AI Crawlers Are Harming Wikimedia, Bringing Open Source Sites To Their Knees, And Putting The Open Web At Risk
from the externalizing-your-costs-directly-into-my-face dept
The current rapid advances in generative AI are built on three things. Computing power, some clever coding, and vast amounts of training data. Lots of money can buy you more of the first two, but finding the necessary training material is increasingly hard. Anyone seeking to bolster their competitive advantage through training needs to find fresh sources. This has led to the widespread deployment of AI crawlers, which scour the Internet for more data that can be downloaded and used to train AI systems. Some of the prime targets for these AI scraping bots are Wikimedia projects, which claim to be “the largest collection of open knowledge in the world”. This has now become a serious problem for them:
We are observing a significant increase in request volume, with most of this traffic being driven by scraping bots collecting training data for large language models (LLMs) and other use cases. Automated requests for our content have grown exponentially, alongside the broader technology economy, via mechanisms including scraping, APIs, and bulk downloads. This expansion happened largely without sufficient attribution, which is key to drive new users to participate in the movement, and is causing a significant load on the underlying infrastructure that keeps our sites available for everyone.
Specifically:
Since January 2024, we have seen the bandwidth used for downloading multimedia content grow by 50%. This increase is not coming from human readers, but largely from automated programs that scrape the Wikimedia Commons image catalog of openly licensed images to feed images to AI models. Our infrastructure is built to sustain sudden traffic spikes from humans during high-interest events, but the amount of traffic generated by scraper bots is unprecedented and presents growing risks and costs.

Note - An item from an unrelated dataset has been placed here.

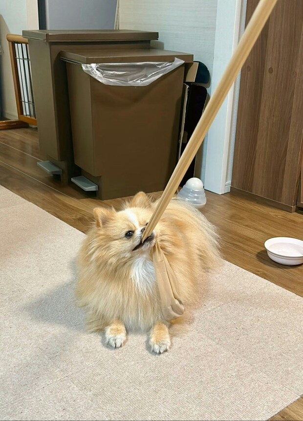 ふわふわとした毛とくりっとした目が印象的な、ポメラニアンのピカルディくん。飼い主さんが朝におろしたばかりのストッキングをくわえて「ビヨーン」と引っ張ってしまいました。このあとのストッキングは無事とは思えませんね…。まだ新しいストッキングなだけに、飼い主さんはショックだったのではないでしょうか。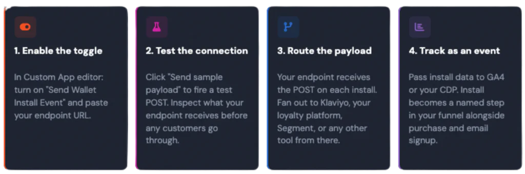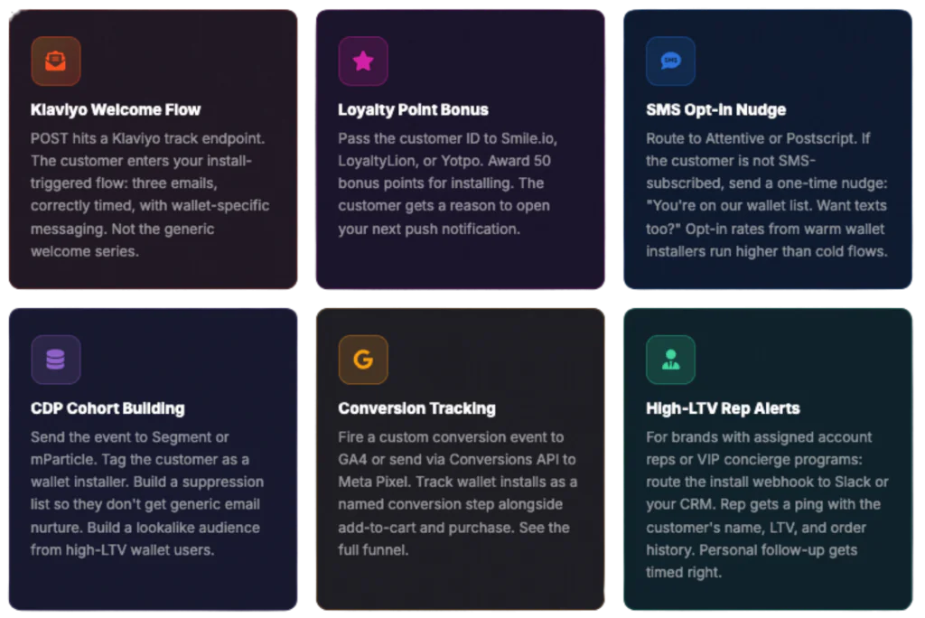 This needs to change, and now it can. Talkable just shipped a post-install webhook event in the Custom App. When someone installs your wallet pass, a POST request fires to any endpoint you choose. That single event can trigger a Klaviyo welcome flow, award loyalty points, nudge an SMS opt-in, feed a CDP segment, or ping your rep for a high-LTV account. All of it automatic, all of it in real time.

AI crawlers seek to download as much material as possible, including the most obscure, so Wikimedia projects that are optimized for human use incur extra costs:
While human readers tend to focus on specific – often similar – topics, crawler bots tend to “bulk read” larger numbers of pages and visit also the less popular pages. This means these types of requests are more likely to get forwarded to the core datacenter, which makes it much more expensive in terms of consumption of our resources.
Wikimedia’s analysis shows that 65% of this resource-consuming traffic is coming from bots, whereas the overall pageviews from bots are about 35% of the total. As the Diff news story notes, this is becoming a widespread problem not just for Wikimedia, but across the Internet. Some companies are responding with lawsuits, but for another important class of sites this is not a practical option.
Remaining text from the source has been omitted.